▶ _Information provided_
BEGIN

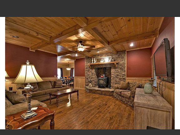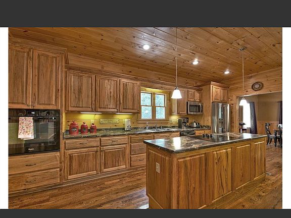 Beautiful mountain home with 3 bedroom two baths and a half bath with lots of amazing extras all on 2.33 secluded level acres. The peaceful feeling starts as you enter the one of a kind gated community. Easy drive to home that has great curb appeal and wrap around deck and it's own custom fire pit. Walk into the front door and your greeted to a spacious living room with exposed beams, beautiful oak floor, huge rock fire place, and a good combination of tongue and groove pine wood and dry wall. kitchen has a huge island and plenty of wormy maple cabinets with glass fronts that set this kitchen apart from all other kitchens. All the bedrooms are large and master is on the main with custom tile shower and bath. To much to mention. Must see !
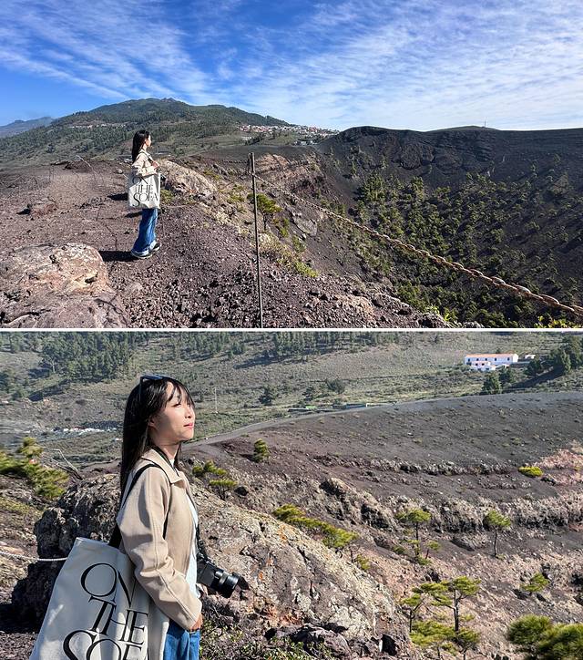 和想象中的火山样貌不同(也许是兰岛的印象太深刻),因为La Palma的气温和湿度适宜,火山口早已长满了松树和各种生态圈动植物,一片生机盎然。光凭眼前的景象,真的很难把她和破坏力极强的火山联系在一起。
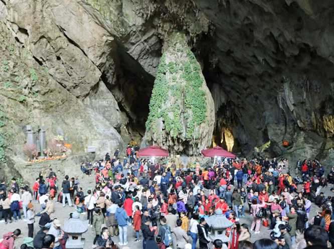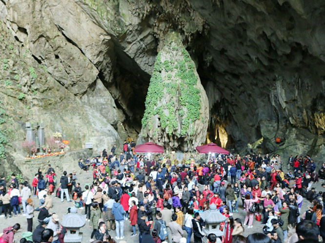 Du khách vãn cảnh động Hương Tích
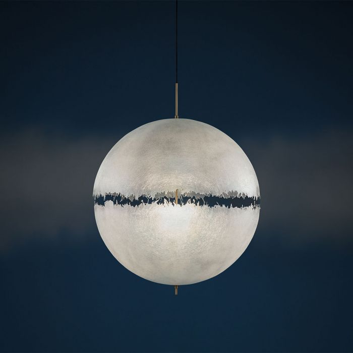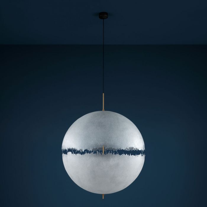 Matériaux : structure laiton, câble et base coloris noir, diffuseur fibre de verre naturelle
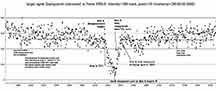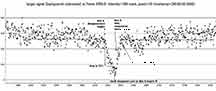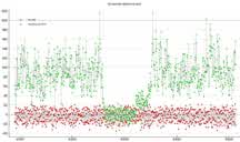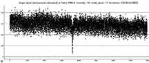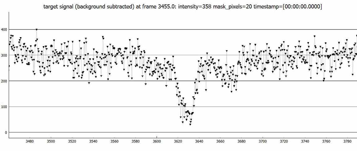 RN: But, could there be sawtoothing for such a bright star which spills over several rows and columns in its image? For me, I was not able to get the target star to look like a bright sharp dot, no matter how hard I tried to focus it. The star was very bright and large. My solution to avoid saturated pixels was to adjust the brightness/contrast in IOTA VC2.4, but since Kirk uses a miniDV camcorder, not direct to digital, this option is not available and he resorted to dropping the gain down to accomplish the saturation issue.
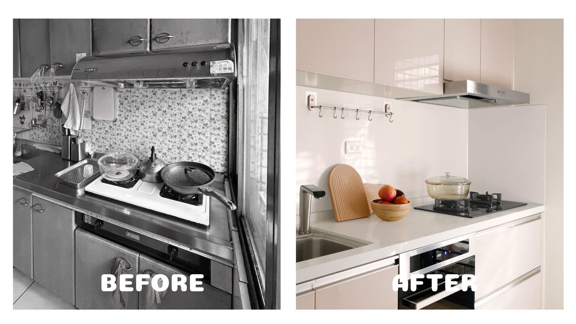 考量到爐具旁的舊窗戶不好清潔,所以設計師將原本的窗戶封閉,並改貼耐髒且易於清理的琺瑯板,讓廚房的維護更加輕鬆。通往陽台的門也改換為實用的三合一門,讓通風與採光更具彈性。
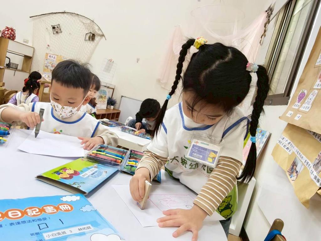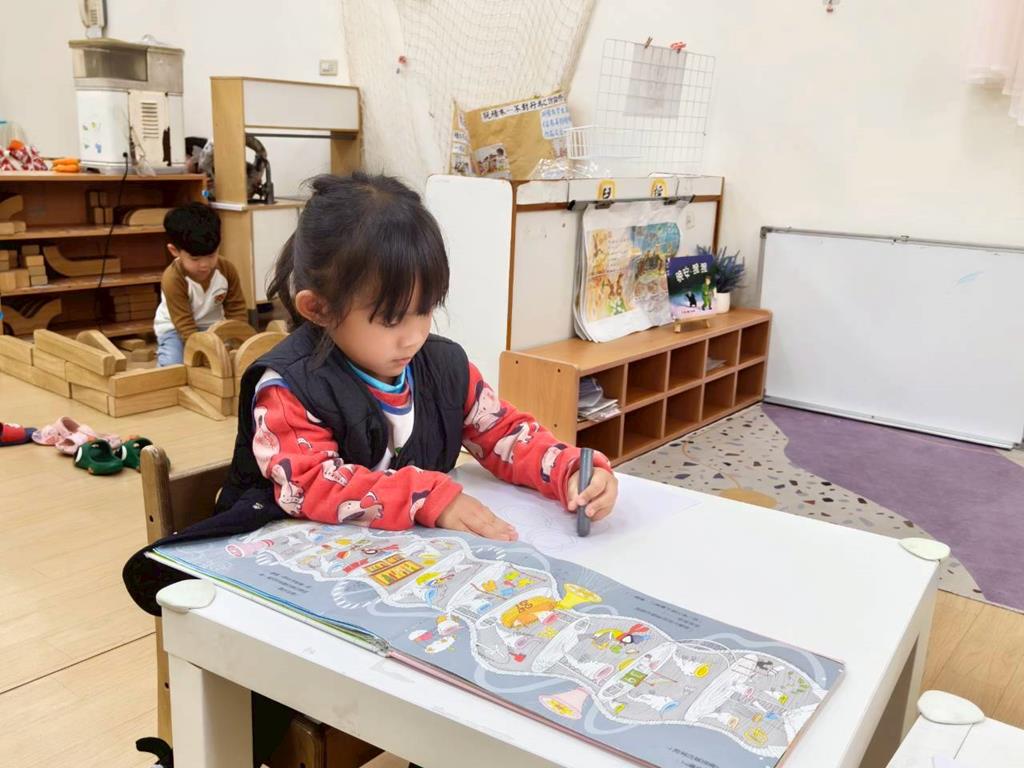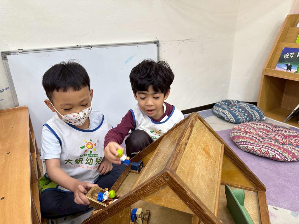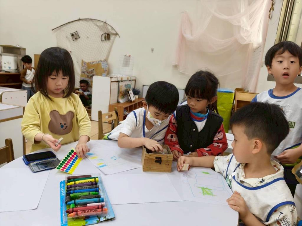 相簿名稱: 語文區-仿畫100層樓的家、偶的扮演、畫社區景象、符號卡片
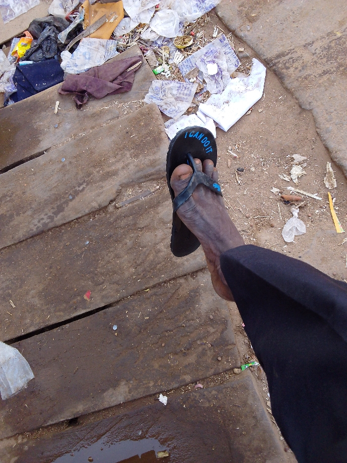 The image displays a downward-angled perspective of a dark-skinned human left foot, clad in a black flip-flop with the phrase "I CAN DO IT" printed in blue on its sole. The foot is partially covered by dark trousers. The scene depicts a mixed ground surface. To the left, a section of an aged, discolored wooden plank walkway is visible, featuring distinct parallel planks and a small puddle of liquid. To the right, the ground transitions to a lighter brown, dry dirt or earth patch, heavily strewn with various types of litter, including crumpled white plastic bags, dark fabric scraps, and miscellaneous small debris. A narrow concrete or paved edge separates the dirt area from an unseen surface on the far right. No visual information within the image definitively indicates its location within the city of Zaria, Nigeria.
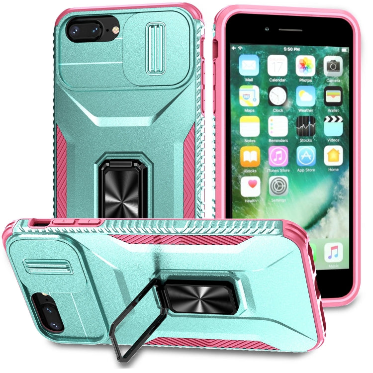 Funda para Teléfono iPhone 7 Plus con Soporte Deslizante Camshield (Gris Verde + Rosa)
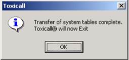 When you have finished editing the system table, close the system table by clicking the x button in the upper right corner. The message box below will appear.
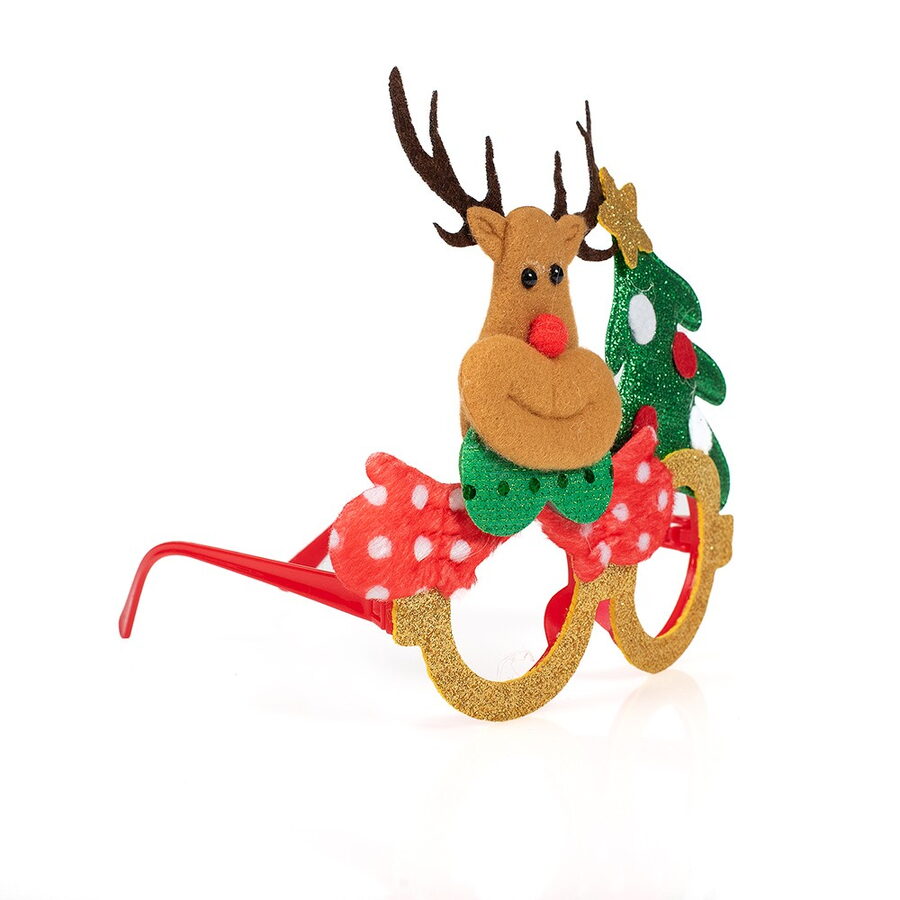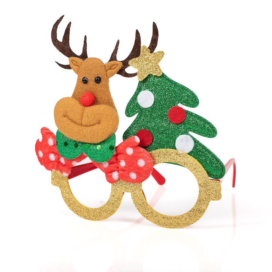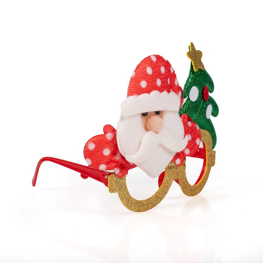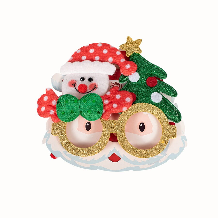 Vánoční brýle s třpytkami a dekoracemi – sobem, Santou, pejsek a sněhulákem. Velikost brýlí 17×14 cm
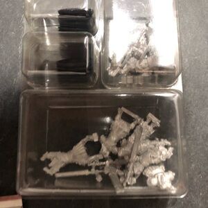 Box of immortal units from the table top role playing gaming Hordes. Box has only been opened for me to look at the models, other then that they haven’t been touched. They are made out of pewter they will need to be cleaned lightly with warm water and dish soap to clean off any release agent that is used to keep them from sticking to the mould they are cast from. Recommended age for use 13 plus due to small parts and pointy parts. Paint will be needed.
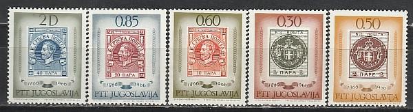 100 лет Сербской Почтовой Марке, Югославия 1966 год, 5 марок Ю.
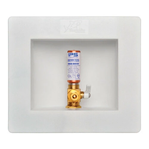 The SharkBite Ice Maker Outlet Box with Water Hammer Arrestor features a 1/2 inch push-fit connection and can be used with copper, CPVC or PEX lines. SharkBite Push-fit connections decrease the time and effort needed to connect water distribution pipe. There is no glue, soldering or crimping needed. Simply cut your pipe, debar, mark the pipe approximately 1 inch (for proper insertion depth), install pipe to proper depth and you’re done. Water Hammer Arrestor is integrated into valve to protect your homes plumbing system and your fixtures from water hammer.

END

▶ _Brief_
Every line of the material must be returned exactly; leave the images out.

▶ _Answer section_
 Beautiful mountain home with 3 bedroom two baths and a half bath with lots of amazing extras all on 2.33 secluded level acres. The peaceful feeling starts as you enter the one of a kind gated community. Easy drive to home that has great curb appeal and wrap around deck and it's own custom fire pit. Walk into the front door and your greeted to a spacious living room with exposed beams, beautiful oak floor, huge rock fire place, and a good combination of tongue and groove pine wood and dry wall. kitchen has a huge island and plenty of wormy maple cabinets with glass fronts that set this kitchen apart from all other kitchens. All the bedrooms are large and master is on the main with custom tile shower and bath. To much to mention. Must see !
 和想象中的火山样貌不同(也许是兰岛的印象太深刻),因为La Palma的气温和湿度适宜,火山口早已长满了松树和各种生态圈动植物,一片生机盎然。光凭眼前的景象,真的很难把她和破坏力极强的火山联系在一起。
 Du khách vãn cảnh động Hương Tích
 Matériaux : structure laiton, câble et base coloris noir, diffuseur fibre de verre naturelle
 RN: But, could there be sawtoothing for such a bright star which spills over several rows and columns in its image? For me, I was not able to get the target star to look like a bright sharp dot, no matter how hard I tried to focus it. The star was very bright and large. My solution to avoid saturated pixels was to adjust the brightness/contrast in IOTA VC2.4, but since Kirk uses a miniDV camcorder, not direct to digital, this option is not available and he resorted to dropping the gain down to accomplish the saturation issue.
 考量到爐具旁的舊窗戶不好清潔,所以設計師將原本的窗戶封閉,並改貼耐髒且易於清理的琺瑯板,讓廚房的維護更加輕鬆。通往陽台的門也改換為實用的三合一門,讓通風與採光更具彈性。
 相簿名稱: 語文區-仿畫100層樓的家、偶的扮演、畫社區景象、符號卡片
 The image displays a downward-angled perspective of a dark-skinned human left foot, clad in a black flip-flop with the phrase "I CAN DO IT" printed in blue on its sole. The foot is partially covered by dark trousers. The scene depicts a mixed ground surface. To the left, a section of an aged, discolored wooden plank walkway is visible, featuring distinct parallel planks and a small puddle of liquid. To the right, the ground transitions to a lighter brown, dry dirt or earth patch, heavily strewn with various types of litter, including crumpled white plastic bags, dark fabric scraps, and miscellaneous small debris. A narrow concrete or paved edge separates the dirt area from an unseen surface on the far right. No visual information within the image definitively indicates its location within the city of Zaria, Nigeria.
 Funda para Teléfono iPhone 7 Plus con Soporte Deslizante Camshield (Gris Verde + Rosa)
 When you have finished editing the system table, close the system table by clicking the x button in the upper right corner. The message box below will appear.
 Vánoční brýle s třpytkami a dekoracemi – sobem, Santou, pejsek a sněhulákem. Velikost brýlí 17×14 cm
 Box of immortal units from the table top role playing gaming Hordes. Box has only been opened for me to look at the models, other then that they haven’t been touched. They are made out of pewter they will need to be cleaned lightly with warm water and dish soap to clean off any release agent that is used to keep them from sticking to the mould they are cast from. Recommended age for use 13 plus due to small parts and pointy parts. Paint will be needed.
 100 лет Сербской Почтовой Марке, Югославия 1966 год, 5 марок Ю.
 The SharkBite Ice Maker Outlet Box with Water Hammer Arrestor features a 1/2 inch push-fit connection and can be used with copper, CPVC or PEX lines. SharkBite Push-fit connections decrease the time and effort needed to connect water distribution pipe. There is no glue, soldering or crimping needed. Simply cut your pipe, debar, mark the pipe approximately 1 inch (for proper insertion depth), install pipe to proper depth and you’re done. Water Hammer Arrestor is integrated into valve to protect your homes plumbing system and your fixtures from water hammer.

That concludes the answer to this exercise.